Solution: Smart Normalization
The most viable approach to the problem was improving the normalization procedure itself, which led to the development of “Smart normalization” in Percepta v2024. The solution to the overprovisioned system of equations is still determined by minimizing the total error of all equations, but the new approach also takes the into account the relative “importance” of each microstage, ensuring that the most important micro-constants deviate less from the original values before normalization. The change in calculation results for Chlorpromazine is shown in Fig.3, where the numbers in italics now represent smart-normalized values.

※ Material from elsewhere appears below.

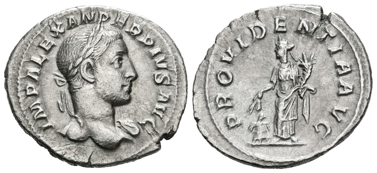 ALEJANDRO SEVERO. Denario. (Ar. 1,98g/21mm). 231-235 d.C. Roma. (RIC 250). Anv: Busto laureado de Alejandro Severo a derecha con ligero drapeado en hombro izquierdo, alrededor leyenda: IMP ALEXANDER PIVS AVG. Rev: Providentia estante a izquierda sosteniendo espigas sobre modio y cornucopia, alrededor leyenda: PROVIDENTIA AVG. MBC+.
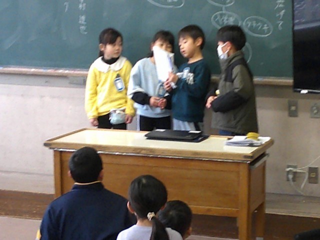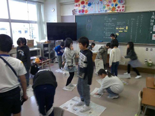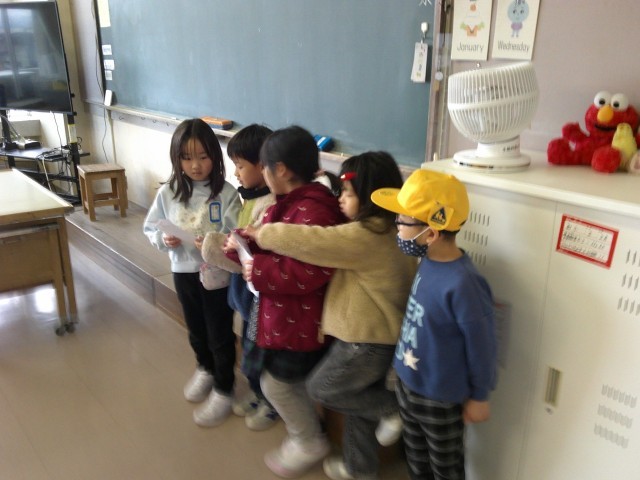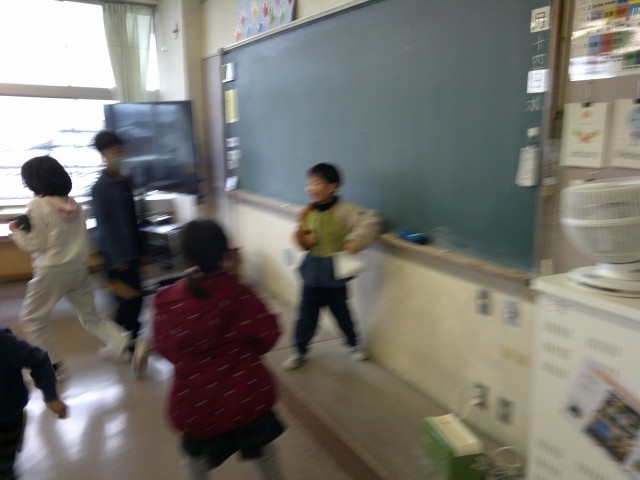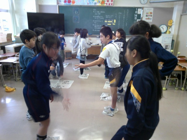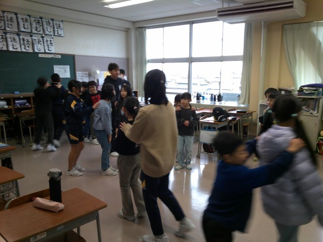 今日の体力つくりは、1年生の提案で、「じゃんけん列車」や「だるまさんが転んだ」等の活動に取り組みました。

Smart normalization brings pKa micro-constants for the most relevant dissociation reactions much closer to their initial values, leading to a significant reduction in discrepancies between logD curves estimated by different methods. The same applies to ionic form percentages, and most importantly, the midpoint (50.0%) is exactly at pH = pKa (Table 2).

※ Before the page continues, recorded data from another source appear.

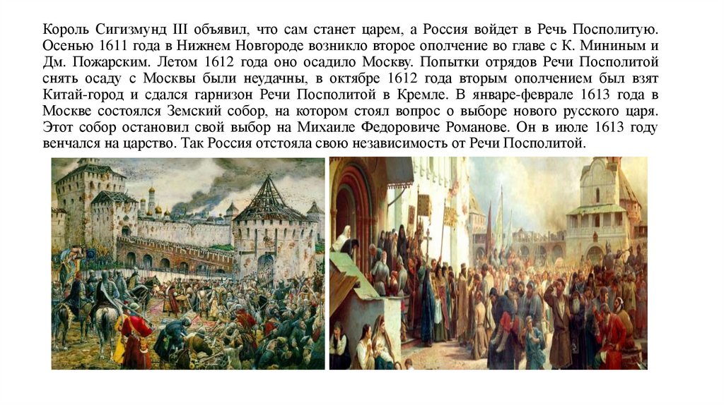 венчался на царство. Так Россия отстояла свою независимость от Речи Посполитой.
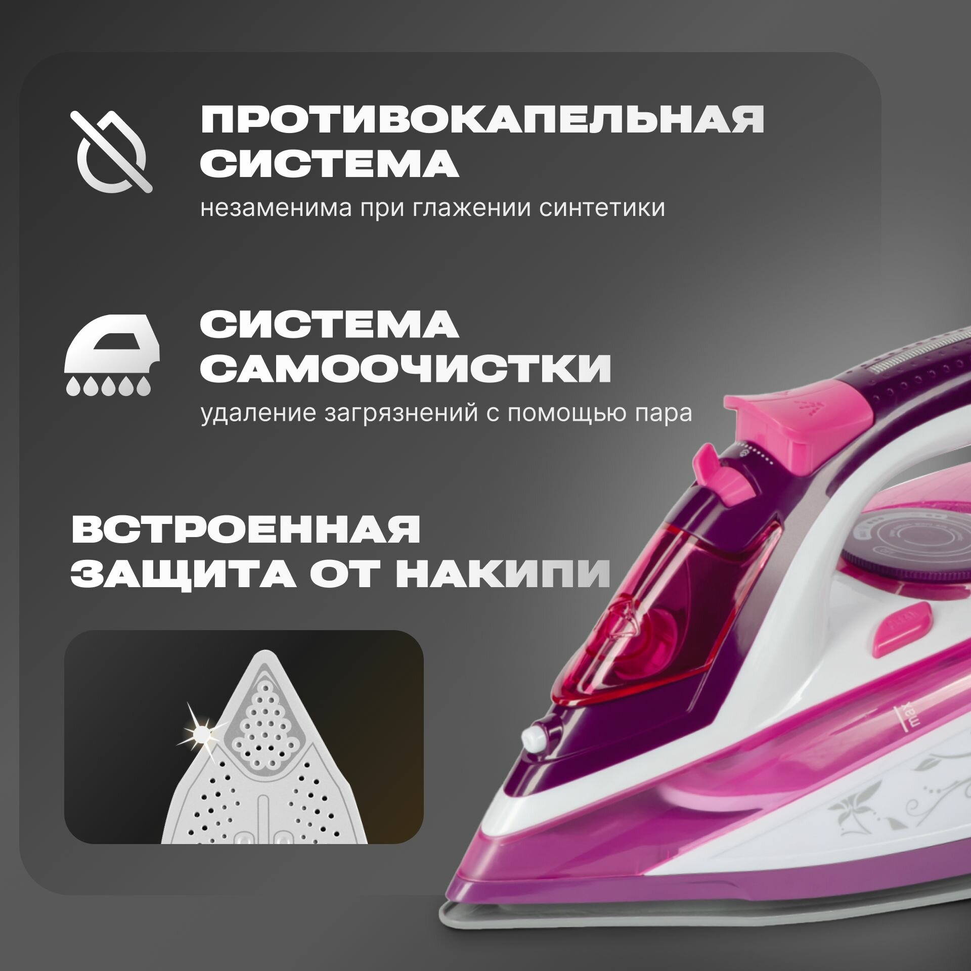 Утюг Eurostek EEI-2603 (2600 Вт, керамическое покрытие) бел-розовый
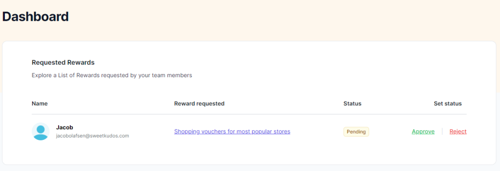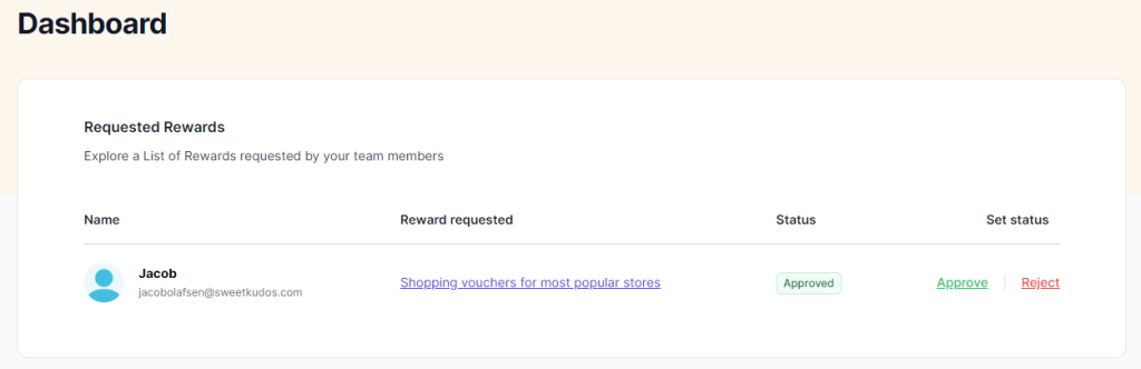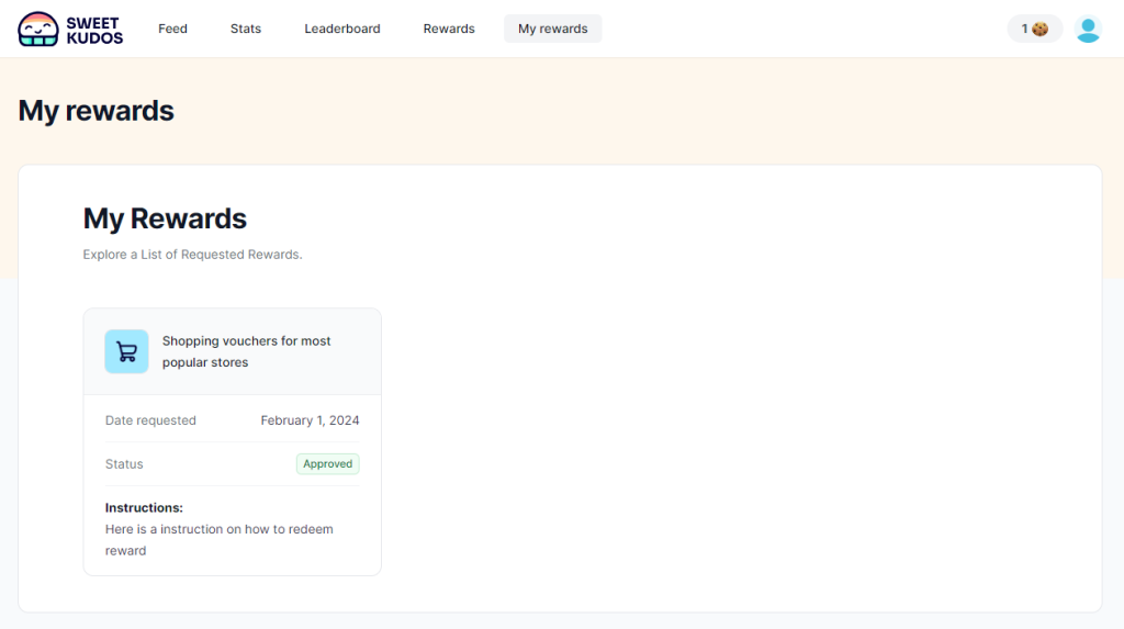 Once the Reward request is approved, the user who has requested the reward should get an updated request status and Redemption instructions.

TABLE 2. Improvement in accuracy of logD and ionic form predictions after smart normalization.
pH | logD from logP & pKa |
logD v2023 |
logD Diff. |
pH | Positive Form Fraction (%) | ||
From pKa | v2023 | Diff. | |||||
---|---|---|---|---|---|---|---|
1 | 2.100 | 2.101 | 0.001 | 8.8 | 80.2 | 80.2 | 0.0 |
2 | 2.100 | 2.103 | 0.003 | 8.9 | 76.3 | 76.3 | 0.0 |
3 | 2.100 | 2.104 | 0.004 | 9.0 | 71.9 | 71.9 | 0.0 |
4 | 2.102 | 2.106 | 0.004 | 9.1 | 67.0 | 67.0 | 0.0 |
5 | 2.121 | 2.124 | 0.003 | 9.2 | 61.7 | 61.7 | 0.0 |
6 | 2.274 | 2.277 | 0.003 | 9.3 | 56.2 | 56.2 | 0.0 |
7 | 2.871 | 2.874 | 0.003 | 9.4 | 50.5 | 50.4 | 0.1 |
8 | 3.784 | 3.788 | 0.004 | pKa=9.408 | 50.0 | 50.0 | 0.0 |
9 | 4.650 | 4.653 | 0.003 | 9.5 | 44.7 | 44.7 | 0.0 |
10 | 5.101 | 5.105 | 0.004 | 9.6 | 39.1 | 39.1 | 0.0 |
11 | 5.189 | 5.192 | 0.003 | 9.7 | 33.8 | 33.8 | 0.0 |
12 | 5.199 | 5.202 | 0.003 | 9.8 | 28.9 | 28.8 | 0.1 |
13 | 5.200 | 5.203 | 0.003 | 9.9 | 24.4 | 24.3 | 0.1 |
14 | 5.200 | 5.203 | 0.003 | 10.0 | 20.4 | 20.4 | 0.0 |
Conclusion
- The updated logD algorithm in Percepta v2024 almost completely resolves the inaccuracies in logD curve calculations caused by the redundancy of the system of equations for pKa
- The same applies to ionic forms distribution at different pH values, as well as pKa or logD-dependent properties (Solubility-pH profile, absorption & bioavailability, pharmacokinetic parameters, etc.). The achieved improvements are also useful for chromatography applications.
- The changes in logD/ionic forms calculations complement significant improvements in pKa calculations available since Percepta v2023.
References
- Lanevskij K, Sazonovas A, Proskura A, Kolovanov E. Ionization (pKa) Prediction In Percepta v2023: Improvements and Evaluation. PhysChem Forum 2023, Gothenburg, Sweden, Oct. 3-4, 2023.